A holistic exploration of the optimal control strategies on an enhanced mathematical model for the co-infection of HIV/AIDS and varicella-zoster.

作者信息

Kotola Belela Samuel, Teklu Shewafera Wondimagegnhu

机构信息

Department of Mathematics, Oda Bultum University, Chiro, Ethiopia.

Department of Mathematics, Natural and Computational Sciences, Debre Berhan University, Ethiopia.

出版信息

Heliyon. 2024 May 22;10(11):e31760. doi: 10.1016/j.heliyon.2024.e31760. eCollection 2024 Jun 15.
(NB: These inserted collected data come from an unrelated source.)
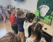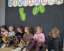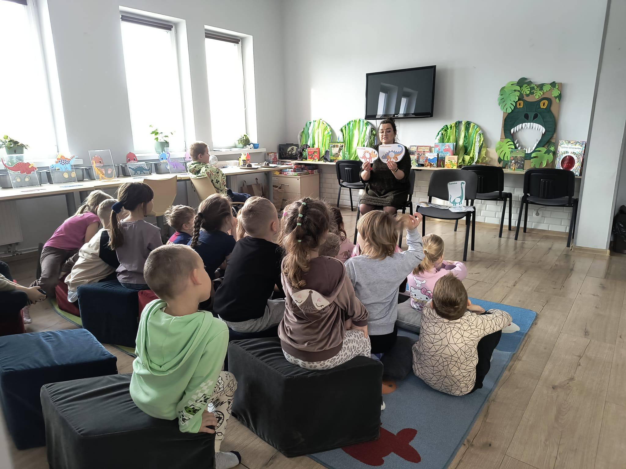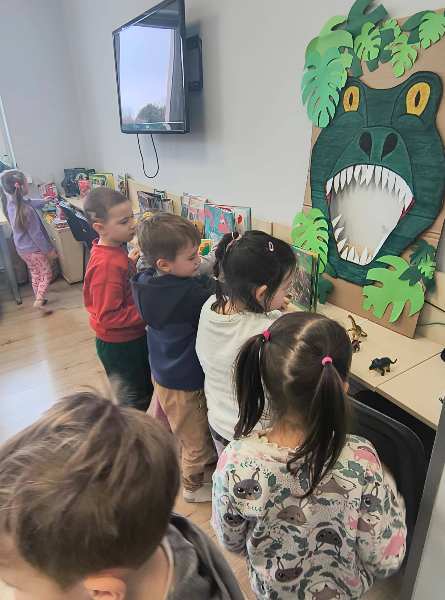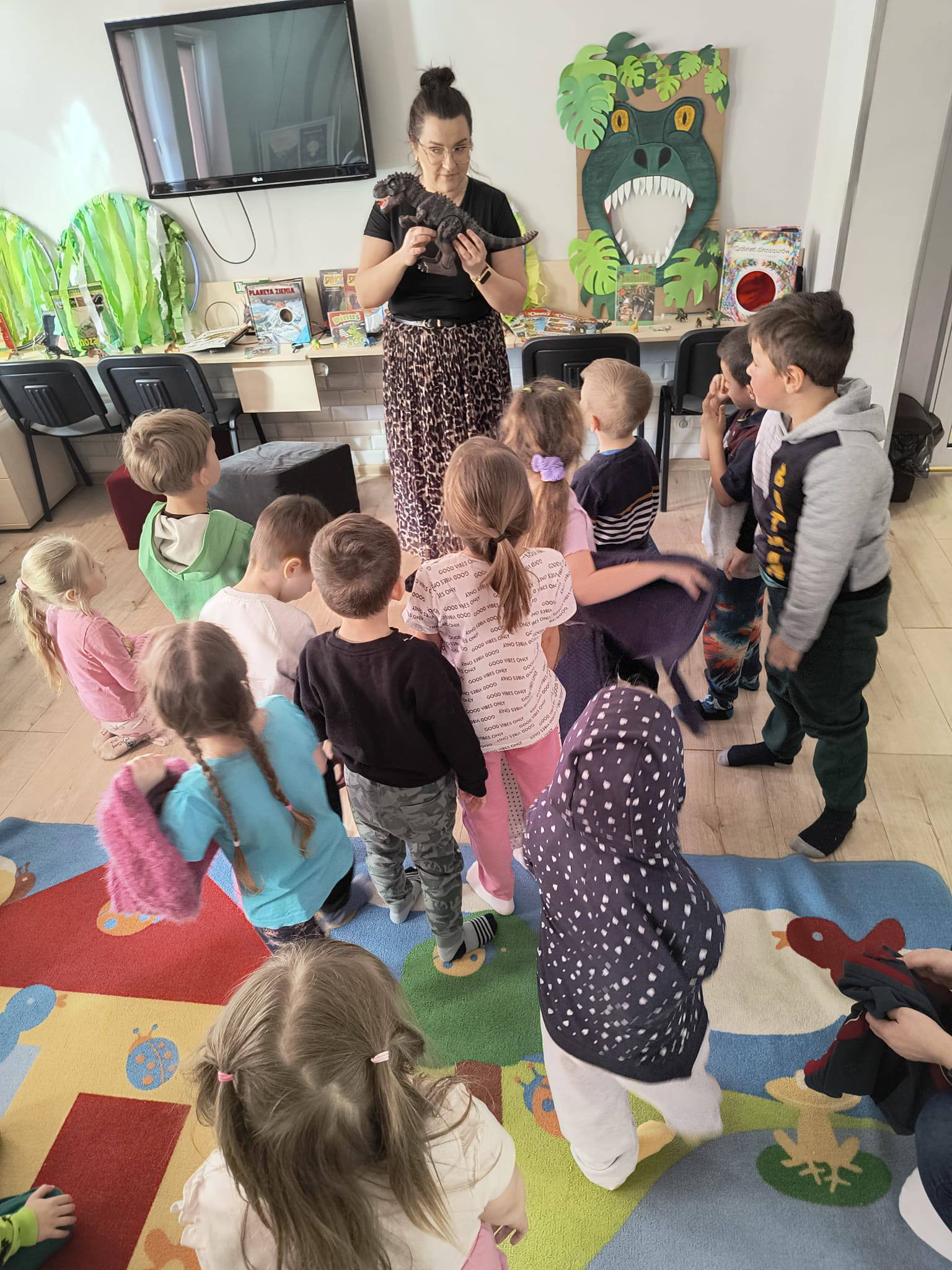 W kolejnych dniach naszą bibliotekę odwiedziły przedszkolaki z lokalnych placówek. Wśród regałów zrobiło się gwarno, radośnie i… bardzo dinozaurowo! Każde spotkanie rozpoczynaliśmy od wspólnego czytania, które przenosiło nas miliony lat wstecz. Rozmawialiśmy o tym, jak wyglądały dinozaury, czym się żywiły i dlaczego wyginęły. Nie brakowało ciekawostek o prehistorycznych gigantach, wspólnego przeglądania książek oraz rozmów, które pokazały, że mali uczestnicy mają imponującą wiedzę.
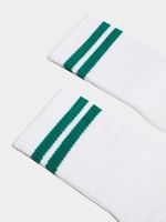 Introducing our stylish white socks with a pop of green stripe - perfect for adding a touch of flair to any outfit. Made with a blend of poly cotton and polyester for ultimate comfort and durability. These socks are sure to become your new favorite accessory.
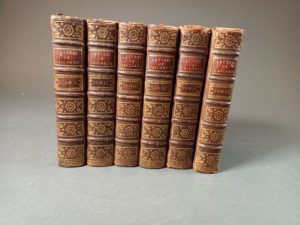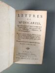 DESCARTES, René - Lettres qui traitent de plusieurs belles questions concernant la Morale, la Physique, la Médecine, & les Mathématiques. Paris, Compagnie des Libraires, 1724-1725. 6 vol. in-12, 29 pl. dépl., galerie de vers affectant les planches du tome VI, veau brun de l'ép., dos à nerfs orné, qqs. accrocs aux coiffes. Réédition des lettres publiées par Clerselier de 1657 à 1667.

DOI:10.1016/j.heliyon.2024.e31760
PMID:38845901
原文链接:https://pmc.ncbi.nlm.nih.gov/articles/PMC11154615/
Abstract

Because of its high contagiousness and correlation with HIV/AIDS complaints, the virus that causes varicella-zoster virus and its interactions have major consequences for a considerable portion of people worldwide. The primary aim of this work is to suggest and examine optimal control methods for managing the transmission dynamics of HIV/AIDS and Varicella-Zoster co-infection, using an integer model approach. The mathematical analyses of the proposed integer order model places particular emphases on the boundedness and non-negativity of the model solutions, scrutinizing equilibrium points, determining the models basic reproduction ratios (the models basic reproduction numbers) through the next-generation matrix operator method, and assessing the model equilibrium points existences and stabilities in local approach by considering the local stability conditions of Routh and Hurwitz. Additionally, it incorporates an optimal control framework to enhance our understanding of the dynamics involved in the spreading of HIV/AIDS and Varicella-Zoster co-infection within a considered population. This entails determining preventative measures that can be deliberately put into place to lessen the effects of these co-infections. The solutions of the HIV/AIDS and Varicella-Zoster co-infection model converges to the co-infection endemic equilibrium point whenever the associated basic reproduction number is greater than unity, as verified by numerical simulation results. Including optimal management gives the research an innovative viewpoint and helps identify tactical ways to mitigate the negative effects of this co-infection on the public health. The results highlight how crucial it is to address these complex structures in order to protect and improve public health outcomes. Implementing the proposed protection measures and treatment measures simultaneously has most effective result to minimize and eliminate the HIV/AIDS and Varicella-Zoster co-infection disease throughout the population.

摘要

由于水痘带状疱疹病毒具有高度传染性且与艾滋病相关症状有关,该病毒及其相互作用对全球相当一部分人产生了重大影响。这项工作的主要目的是使用整数模型方法,提出并检验管理艾滋病毒/艾滋病与水痘带状疱疹合并感染传播动态的最优控制方法。对所提出的整数阶模型进行数学分析时,特别强调模型解的有界性和非负性,仔细研究平衡点,通过下一代矩阵算子方法确定模型的基本再生数,并根据劳斯和赫尔维茨的局部稳定性条件,在局部方法中评估模型平衡点的存在性和稳定性。此外,它还纳入了一个最优控制框架,以加深我们对艾滋病毒/艾滋病与水痘带状疱疹合并感染在特定人群中传播所涉及动态的理解。这需要确定可以有意采取的预防措施,以减轻这些合并感染的影响。数值模拟结果验证了,只要相关的基本再生数大于1,艾滋病毒/艾滋病与水痘带状疱疹合并感染模型的解就会收敛到合并感染的地方病平衡点。纳入最优管理为该研究提供了一个创新视角,并有助于确定减轻这种合并感染对公共卫生负面影响的策略性方法。结果凸显了应对这些复杂结构对于保护和改善公共卫生结果的至关重要性。同时实施所提出的保护措施和治疗措施,对于在整个人口中最小化和消除艾滋病毒/艾滋病与水痘带状疱疹合并感染疾病具有最有效的效果。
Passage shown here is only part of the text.